Object that manages the interface between Registry and datastores.

butlerRoot : str, optional

Unused parameter.

Notes

InMemoryDatastore does not support any file-based ingest.

Attributes Summary

bridge Object that manages the interface between this Datastore and the Registry (DatastoreRegistryBridge).
containerKey
defaultConfigFile Path to configuration defaults.
isEphemeral A new datastore is created every time and datasets disappear when the process shuts down.
names Names associated with this datastore returned as a list.

Methods Summary

addStoredItemInfo(refs, infos) Record internal storage information associated with one or more datasets.
emptyTrash(ignore_errors) Remove all datasets from the trash.
exists(ref) Check if the dataset exists in the datastore.
export(refs, *, directory, transfer) Export datasets for transfer to another data repository.
export_records(refs) Export datastore records and locations to an in-memory data structure.
forget(refs) Indicate to the Datastore that it should remove all records of the given datasets, without actually deleting them.
fromConfig(config, bridgeManager, butlerRoot) Create datastore from type specified in config file.
get(ref, parameters, Any], None] = None, …) Load an InMemoryDataset from the store.
getLookupKeys() Return all the lookup keys relevant to this datastore.
getManyURIs(refs, predict, allow_missing) Return URIs associated with many datasets.
getStoredItemInfo(ref)
getStoredItemsInfo(ref) Retrieve information associated with files stored in this Datastore associated with this dataset ref.
getURI(ref, predict) URI to the Dataset.
getURIs(ref, predict) Return URIs associated with dataset.
import_records(data, …) Import datastore location and record data from an in-memory data structure.
ingest(*datasets, transfer, None] = None, …) Ingest one or more files into the datastore.
knows(ref) Check if the dataset is known to the datastore.
knows_these(refs) Check which of the given datasets are known to this datastore.
mexists(refs, artifact_existence, bool]] = None) Check the existence of multiple datasets at once.
needs_expanded_data_ids(transfer, entity, …) Test whether this datastore needs expanded data IDs to ingest.
put(inMemoryDataset, ref) Write a InMemoryDataset with a given DatasetRef to the store.
remove(ref) Indicate to the Datastore that a dataset can be removed.
removeStoredItemInfo(ref) Remove information about the file associated with this dataset.
retrieveArtifacts(refs, destination, …) Retrieve the file artifacts associated with the supplied refs.
setConfigRoot(root, config, full, overwrite) Set any filesystem-dependent config options for this Datastore to be appropriate for a new empty repository with the given root.
transaction() Context manager supporting Datastore transactions.
transfer(inputDatastore, ref) Retrieve a dataset from an input Datastore, and store the result in this Datastore.
transfer_from(source_datastore, refs, …) Transfer dataset artifacts from another datastore to this one.
trash(ref, …) Indicate to the Datastore that a dataset can be removed.
validateConfiguration(entities, DatasetType, …) Validate some of the configuration for this datastore.
validateKey(lookupKey, entity, DatasetType, …) Validate a specific look up key with supplied entity.

Attributes Documentation

bridge

Object that manages the interface between this Datastore and the Registry (DatastoreRegistryBridge).

containerKey = None
defaultConfigFile = 'datastores/inMemoryDatastore.yaml'

Path to configuration defaults. Accessed within the configs resource or relative to a search path. Can be None if no defaults specified.

isEphemeral = True

A new datastore is created every time and datasets disappear when the process shuts down.

names

Names associated with this datastore returned as a list.

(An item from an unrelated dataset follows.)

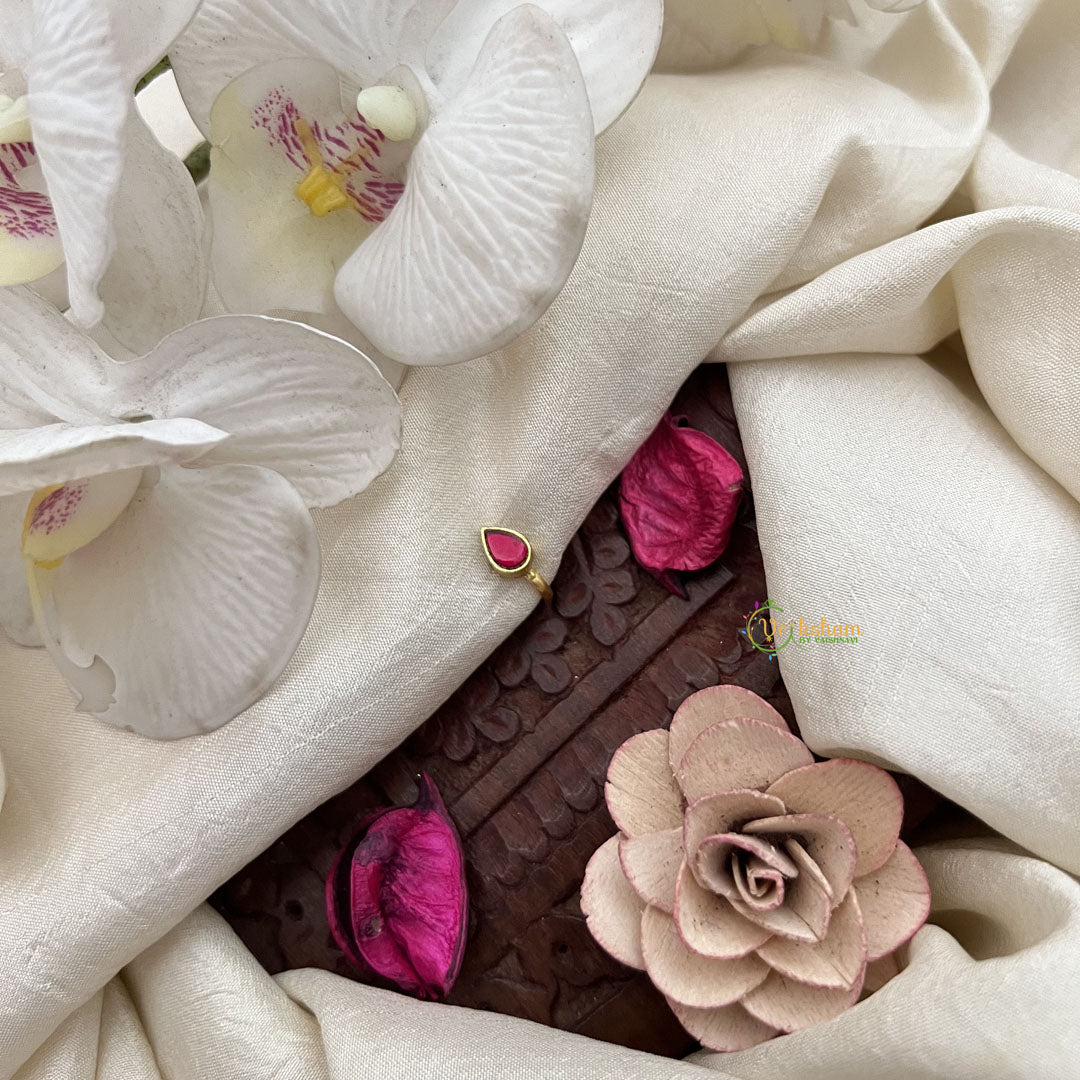 Elevate your traditional look with the Vriksham Elegant Tear Drop Jadau Kundan Nath in radiant red. Expertly crafted with intricate jadau and kundan work, this exquisite nose ring adds a refined touch of heritage and grace to any ensemble. Its tear drop design blends classic artistry with timeless elegance, perfect for special occasions or cultural celebrations.

Can be different to name for a chaining datastore.

Methods Documentation

addStoredItemInfo(refs: Iterable[lsst.daf.butler.core.datasets.ref.DatasetRef], infos: Iterable[lsst.daf.butler.datastores.inMemoryDatastore.StoredMemoryItemInfo]) → None

Record internal storage information associated with one or more datasets.

Parameters:
refs : sequence of DatasetRef

The datasets that have been stored.

infos : sequence of StoredDatastoreItemInfo

Metadata associated with the stored datasets.

emptyTrash(ignore_errors: bool = False) → None

Remove all datasets from the trash.

Parameters:
ignore_errors : bool, optional

Ignore errors.

Notes

The internal tracking of datasets is affected by this method and transaction handling is not supported if there is a problem before the datasets themselves are deleted.

Concurrency should not normally be an issue for the in memory datastore since all internal changes are isolated to solely this process and the registry only changes rows associated with this process.

exists(ref: lsst.daf.butler.core.datasets.ref.DatasetRef) → bool

Check if the dataset exists in the datastore.

Parameters:
ref : DatasetRef

Reference to the required dataset.

Returns:
exists : bool

True if the entity exists in the Datastore.

export(refs: Iterable[DatasetRef], *, directory: Optional[ResourcePathExpression] = None, transfer: Optional[str] = 'auto') → Iterable[FileDataset]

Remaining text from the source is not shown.